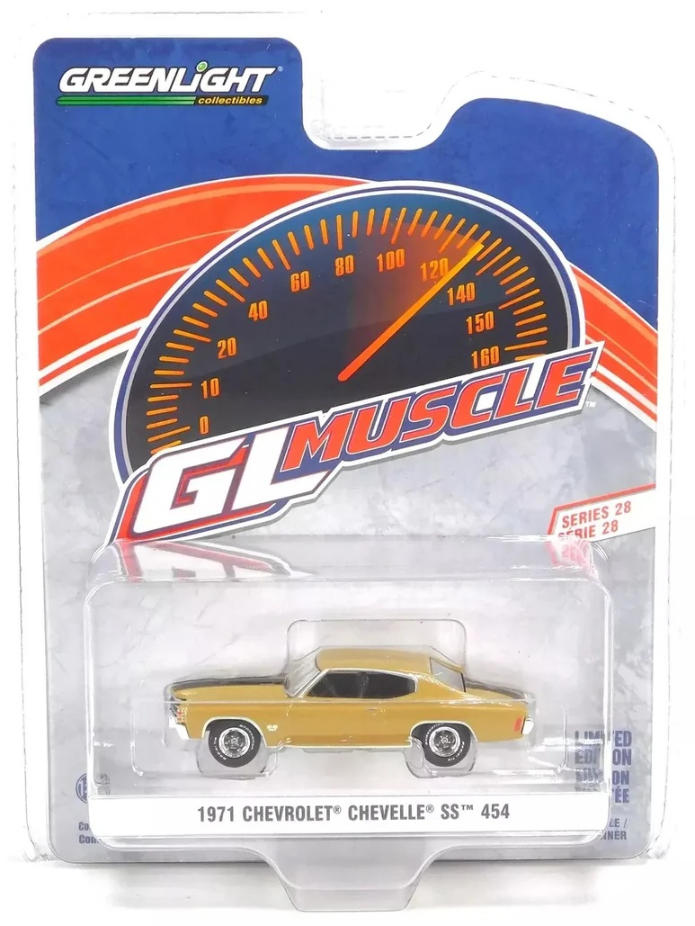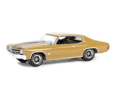 Kolekcjonerski model metalowy z elementami plastikowymi samochodu  CHEVROLET CHEVELLE SS 454 z roku 1971 w kolorze Placer Gold.Model zapakowany w blister.Model z serii Muscle Series,Edycja 28
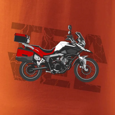Tričko pre motorkára, na ktorom je červená cestovná enduro motorka. Motorkárske tričko, kde je cestovná motorka, musí mať doma každý vášnivý motorkár. Tričko s motorkou je vhodný darček pre motorkára.
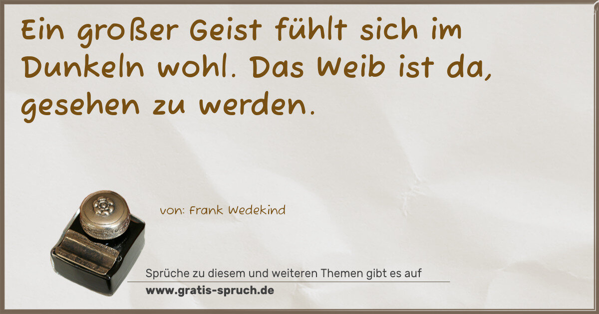 Ein großer Geist fühlt sich im Dunkeln wohl. Das Weib ist da, gesehen zu werden.
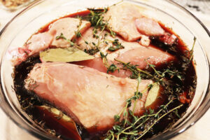 - Cut 1 whole chicken into 8 pieces or use 2 bone-in skin-on chicken legs and breasts and add to a large glass bowl. Add 2 cups good red wine, or enough to barely cover, 4-5 sprigs fresh thyme or 2 teaspoons dry and 2 whole bay leaves. Cover with cling wrap and refrigerate for 1-2 hours, turning once.
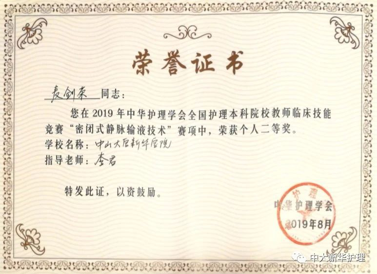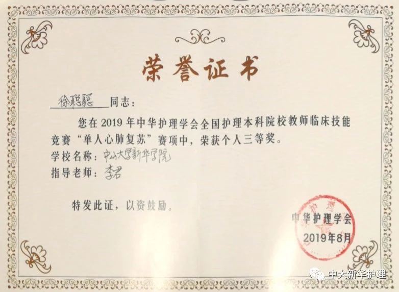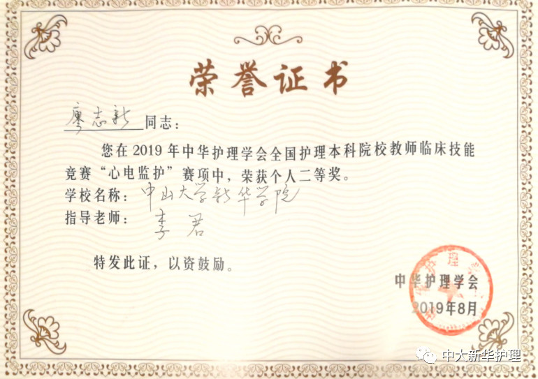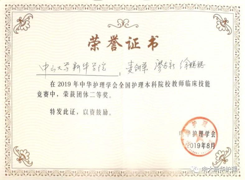 8月2日,中华护理学会全国护理本科院校教师临床技能大赛在福建省福州市举行。此次大赛由中华护理学会主办、福建省护理学会和福建医科大学协办。中山大学新华学院护理学院代表队参加了三项技能操作比赛,获得团体二等奖等多项荣誉。
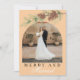 Merry & Married Peach Blush Winter Pine Cone Greenery Botanical Photo Christmas Card - Celebrate your first Christmas as newlyweds with this elegant holiday card featuring a soft peach blush background and festive pine greenery. The trendy arch-shaped photo frame highlights one cherished image—ideal for a wedding or engagement photo. Beautiful calligraphy adds a romantic touch, and the back includes an editable message area for personalized greetings. A stylish way to share winter wishes and mark your "First Christmas as Mr. & Mrs."
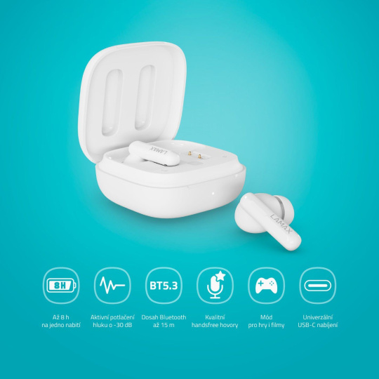 Perfektný zvuk v cool baleníNajlepší zvuk, aký si vieš predstaviť, v úplne top designe a s dlhou výdržou až 8 hodín, tak toto všetko môžeš mať s LAMAX Clips1 Plus. Bezdrôtové špuntové slúchadlá s nožičkou do uší sa automaticky bleskovo spoja cez Bluetooth 5.3 s tvojím telefónom a doprajú ti dokonalý pôžitok, nech už počúvaš čokoľvek. Gamerom určite neunikne Herný mód, ktorý zvýši pôžitok z hry. Dotykom si preskakuješ medzi tracky alebo prijímaš hovory, pri ktorých oceníš kvalitný mikrofón. To najlepšie je ale dokonale čistý a vyrovnaný zvuk, AAC, SBC kodeky, ANC pre potlačenie okolitého hluku a Transparency mode, aby bolo počúvanie perfektné aj bezpečné. Tak cestuj, pracuj alebo športuj štýlovo a v rytme.
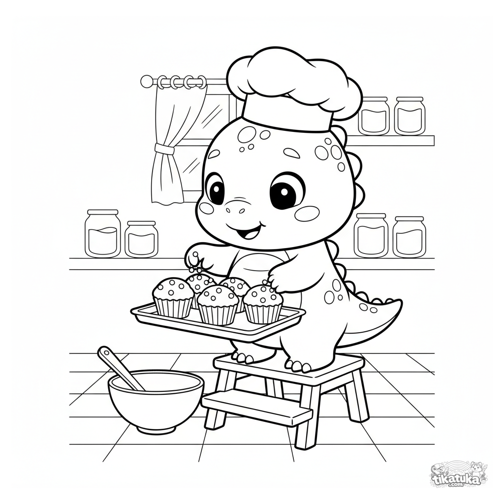 Página para colorir para crianças de 4-6 anos: fofo dino explorador com chapéu de chef fazendo cupcakes em uma cozinha aconchegante. Desenho em preto e branco para colorir.
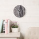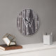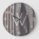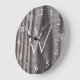 Woodsy and rustic country grey weatherd wood with crisp white numers and a center monogram letter. Also available in square.

···

WORK INSTRUCTIONS
In the data above, start at the line holding "Ein großer Geist" and stop after the line holding "8月2日,中华护理学会全国护"; write out those lines exactly, without pictures.

REPLY
 Ein großer Geist fühlt sich im Dunkeln wohl. Das Weib ist da, gesehen zu werden.
 - Cut 1 whole chicken into 8 pieces or use 2 bone-in skin-on chicken legs and breasts and add to a large glass bowl. Add 2 cups good red wine, or enough to barely cover, 4-5 sprigs fresh thyme or 2 teaspoons dry and 2 whole bay leaves. Cover with cling wrap and refrigerate for 1-2 hours, turning once.
 8月2日,中华护理学会全国护理本科院校教师临床技能大赛在福建省福州市举行。此次大赛由中华护理学会主办、福建省护理学会和福建医科大学协办。中山大学新华学院护理学院代表队参加了三项技能操作比赛,获得团体二等奖等多项荣誉。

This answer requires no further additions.